Music Director Max Lambert told Stage Whispers that upgrading the Concert Hall should be a priority to make it suitable for opera.
"The accoustics are terrible. People drive in to the Opera House in their Lexus listening to magnificent sound, then sit down in the Concert Hall and struggle to hear what is going on. The sound can be OK in one row and awful a few rows back, " he said. "The Opera House is just piece of sculpture."

BUT THE SOFTWARE IS HUMMING ALONG NICELY.
While the hardware may be creaky, the Opera House appears to be hitting a purple patch in terms of the shows that go on inside and outside.
The strategy has been to be very choosy about what shows go on, and in many cases for the Opera House to be promoter or producer of its own shows.
“What has happened is that places like this have been like a hall for hire. We are now moving to a much more curated experience. Our role is to get the best and have consistent quality,” he said.
It has put some noses out of joint. Independent Theatre Producer Christine Dunstan says she is disappointed that the House Full sign has gone up.
“It is a tragedy that the Opera House is no longer available,” she told Stage Whispers.
Richard Evans is unapologetic.
“The Opera House was built to support the resident companies. They make up half our performances. For the other half we try to bring in a whole range of global cultural offerings,” he said. “This includes dance, rock’n’roll, comedy, ethno specific performances and a range of free events.”
“We changed to a more festival style of programming. One month is now designated for Dance. Our Vivid rock’n’roll festival saw the place teaming with young men, many of whom have never been to the Opera House before,” he said.

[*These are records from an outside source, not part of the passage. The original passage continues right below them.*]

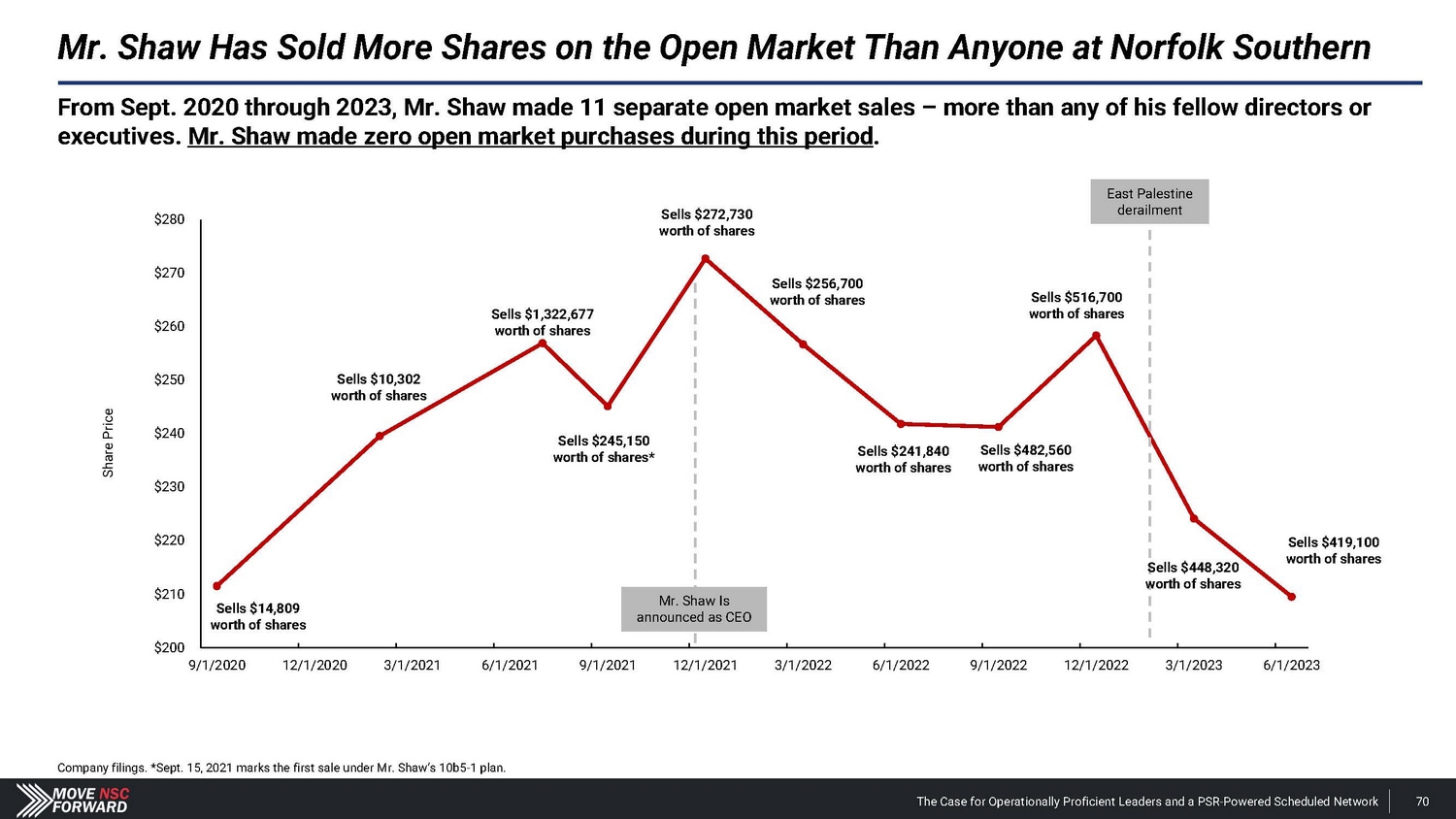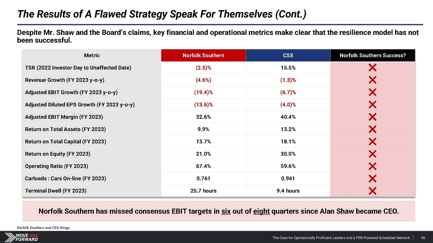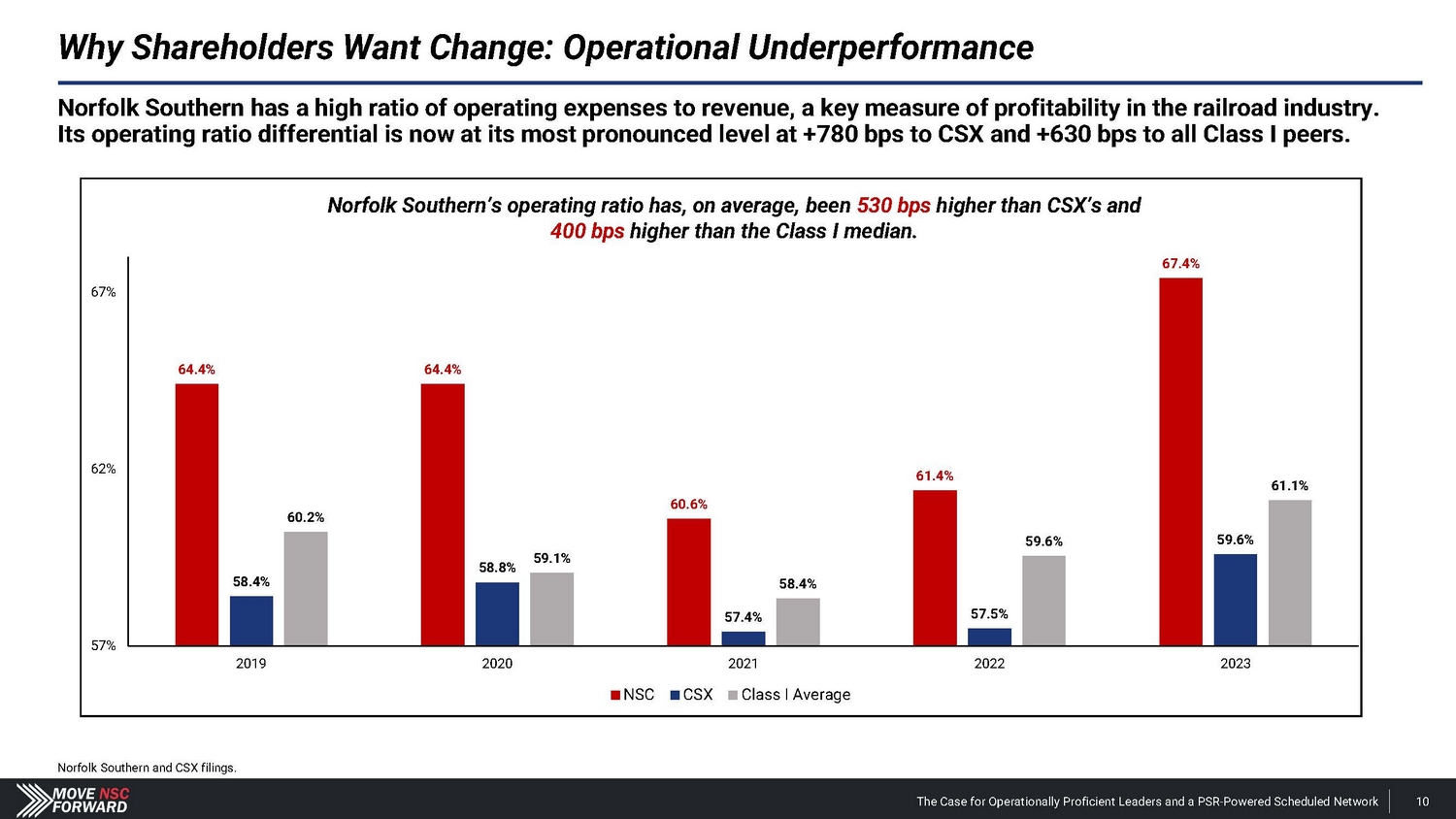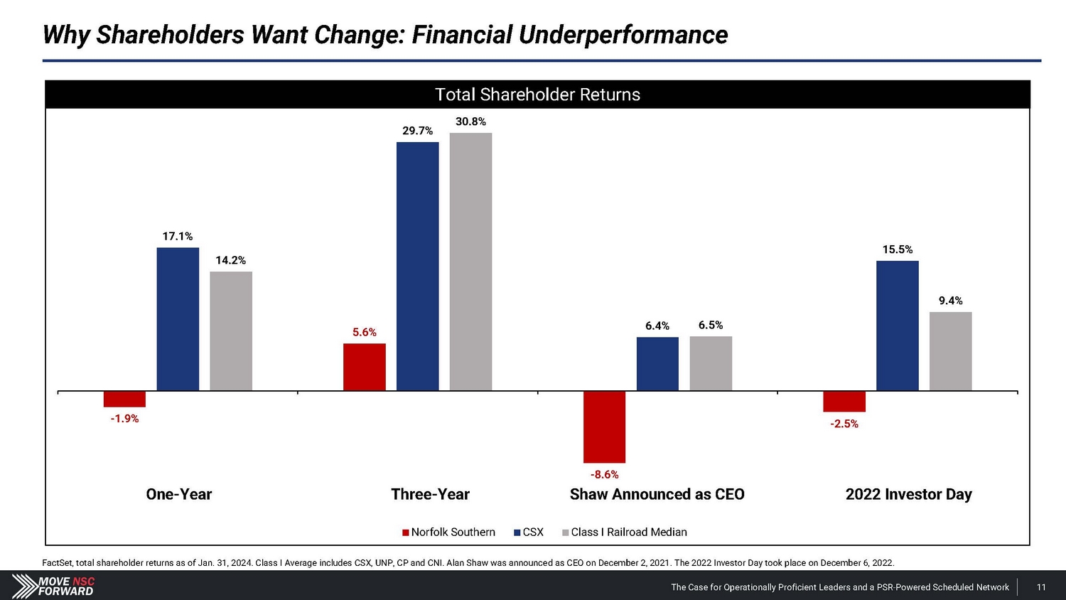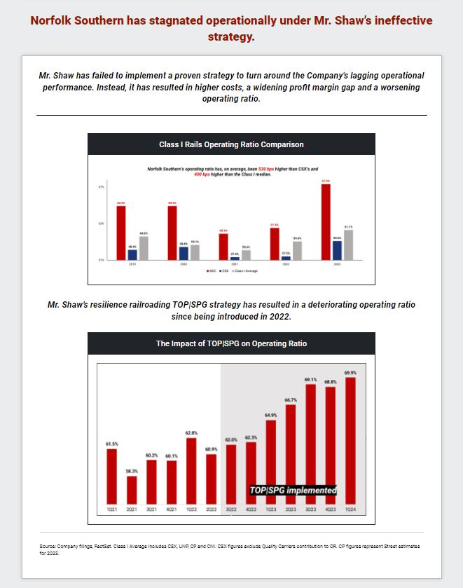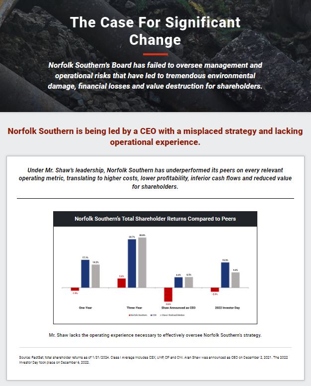 Where Norfolk Southern Stands Today: The Worst - Performing Class I Railroad public disclosure of investor group activity in The Wall Street Journal. The Case for Operationally Proficient Leaders and a PSR - Powered Scheduled Network 9 Company Snapshot • Norfolk Southern (“NSC”) is a Class I freight railroad that operates across the eastern U . S . , making its operations more complex than that of other Class I rails . • In December 2021 , Norfolk Southern announced that Alan Shaw, a 30 - year insider who failed to deliver growth in his prior role as Chief Marketing Officer, would assume the CEO role in May 2022 following the retirement of James Squires . • In February 2023 , a Norfolk Southern train carrying hazardous chemicals derailed in East Palestine, Ohio – resulting in lingering community damage, reputational harm and value destruction . FY 2023 vs. FY 2022 Performance • Railway Operating Revenues : (4.6%) • Change in Income from Railway Operations (Derailment Adjusted) : (19.4%) • Railway Operating Expenses : +$1.4 billion , including a $1.1 billion charge associated with the East Palestine derailment. • Operating Ratio : +600 bps • Norfolk Southern vs. CSX (same geographic footprint, track miles and freight mix): • 800 bps worse operating ratio • $1.6 billion less operating income • $17 billion market value gap (25% less market value) Source: Company filings. Current Leadership Total Shareholder Returns vs. Peers CEO Alan Shaw Newly Appointed COO John Orr • 30 - year NSC insider with experience in cost analysis, marketing, chemical and coal staff positions. • Minimal operational or financial experience. • No network management or logistics experience. • Delivered anemic revenue CAGR of 1% over the six years he served as CMO of Norfolk Southern. • Oversaw a flawed resilience railroading strategy as CEO. • Extremely unlikely he will be able to create value that repays NSC shareholders for the massive consideration paid to CPKC. • Lacks the right experience to lead operations at an Eastern U.S. railroad. • Most recent role as CPKC Chief Transformation Officer was dissolved at CPKC. • Is not a PSR implementation expert – has never redesigned a rail network (notwithstanding the incumbents’ claims to the contrary). (11.9%) NSC vs. Class I Railroad Median (18.0%) Norfolk Southern vs. CSX - 20% - 15% - 10% - 5% 0% Source: Bloomberg. Performance runs from 2022 Investor Day on Dec. 6, 2022 through Jan. 31, 2024, the first
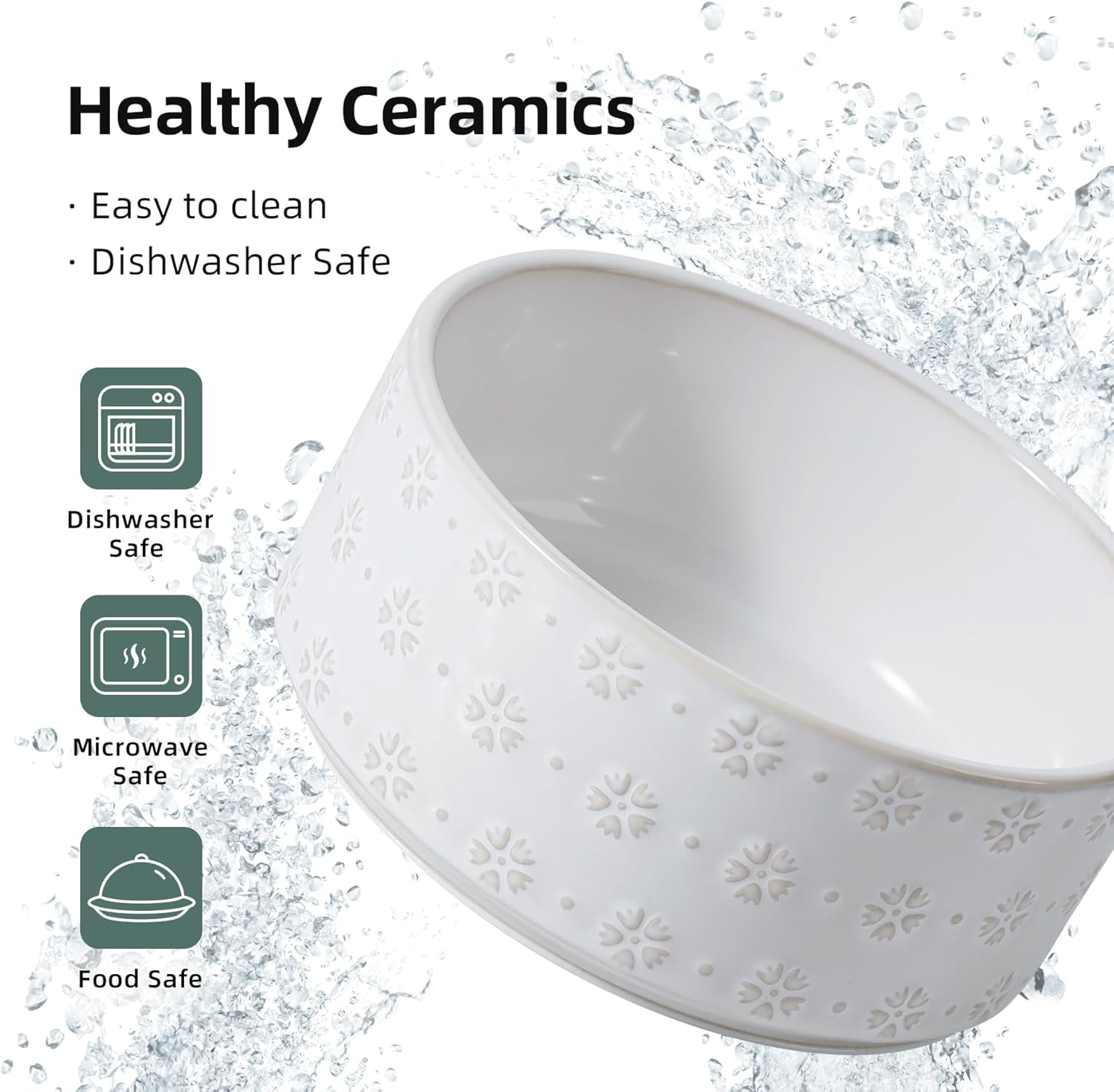 Havniva 7.3inch Ceramic Raised Dog Bowl Set, Elevated with Acacia Wood Stand
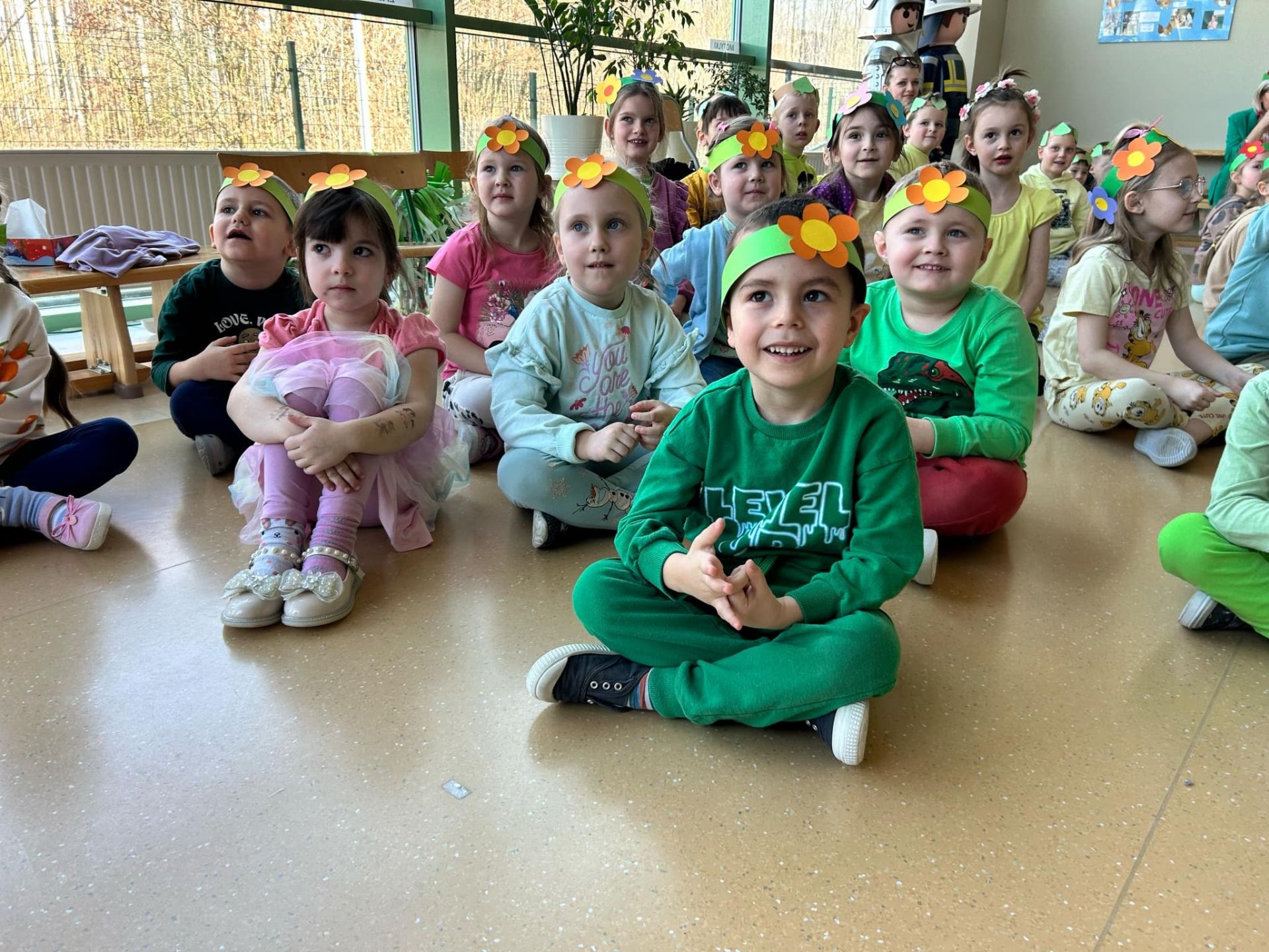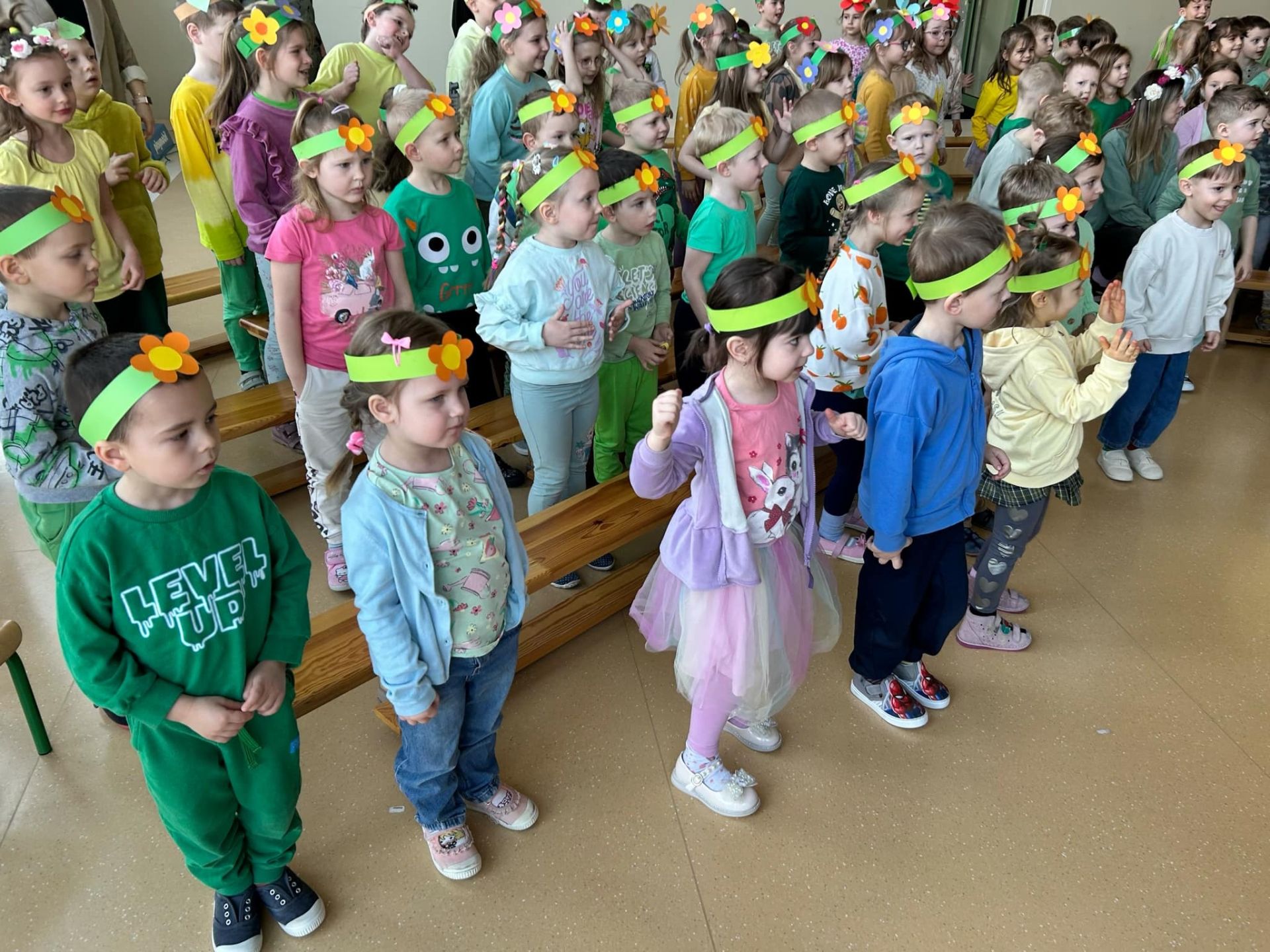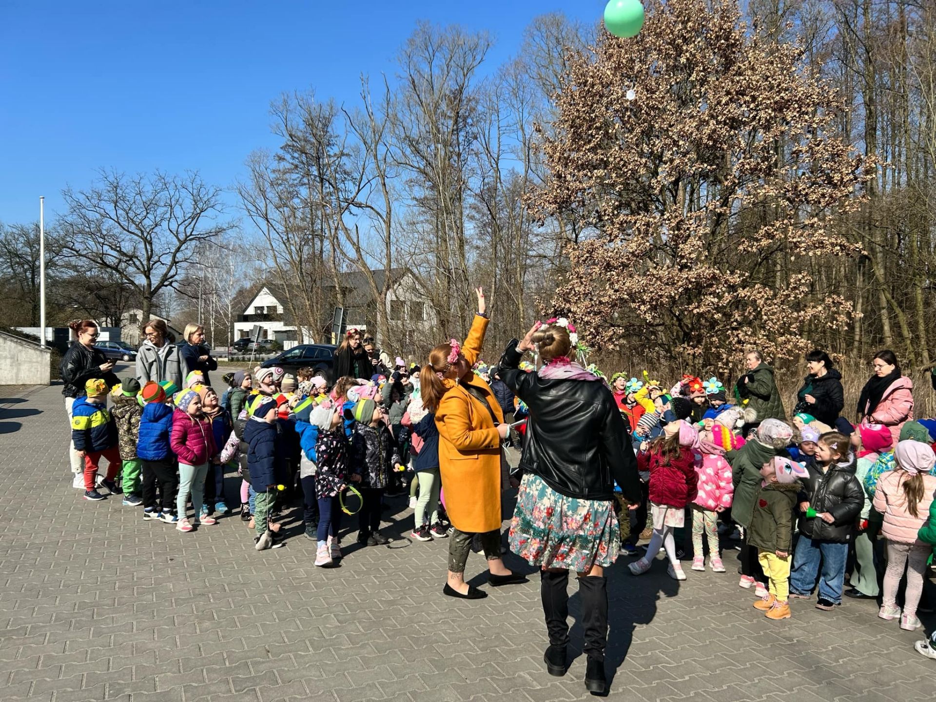 21 marca wszystkie grupy świętowały Pierwszy Dzień Wiosny. Uroczystości powitania Wiosny rozpoczęły się od wspaniałego występu Toruńskiej Orkiestry Symfoncznej. Dzieci miały okazję wysłuchać wiosennych utworów. Spektakl został sfinansowany przez Radę Rodziców. Po audycji muzycznej udaliśmy się na przemarsz witający wiosnę. Przedszkolaki z uśmiechami na twarzy spacerowały razem z Marzanną z wiosennymi wiankami oraz instrumentami. Dzieci pożegnały Marzannę i obiecały spotkać się z Zimą za rok. W drugiej części dnia przedszkolaki uczciły Dzień Kolorowej Skarpetki. Zakładając kolorowe, niepasujące skarpetki zwracamy uwagę na siebie, a tym samym zwracamy uwagę na problemy ludzi z Zespołem Downa. Pokazujemy, że różni nas od nich tak niewiele, jeden niepasujący chromosom, tak jak jedna niepasująca skarpetka. Dzieci uważne wysłuchały co to jest za dzień i dlaczego jest obchodzony.

The biggest and boldest risk taken by the Opera House was staging a concert version of Jerry Springer the Opera.
“This was a piece we really wanted to do,” he said.
There were rumours around that it made a big loss for the Opera House and that the audiences had to be papered. The Annual General Report states that it sold 12,000 tickets, and Richard Evans admits that this didn’t do as well as expected.
Overall the capacity for events was above eighty percent, and the programming made a surplus last year. Richard Evans says the Opera House has a fraction of the budget which comparable venues get for programming.
Another innovation was a Festival of Dangerous Ideas. It saw everything from a Muslim man advocating polygamy to a speech from feminist Germaine Greer.
“The fact that something is on in the Opera House magnifies it and makes journalists want to be here and cover it,” he said.
The Festival of Dangerous Ideas will return. Perhaps one of the topics might be … is there a lazy billion dollars around for the Sydney Opera House?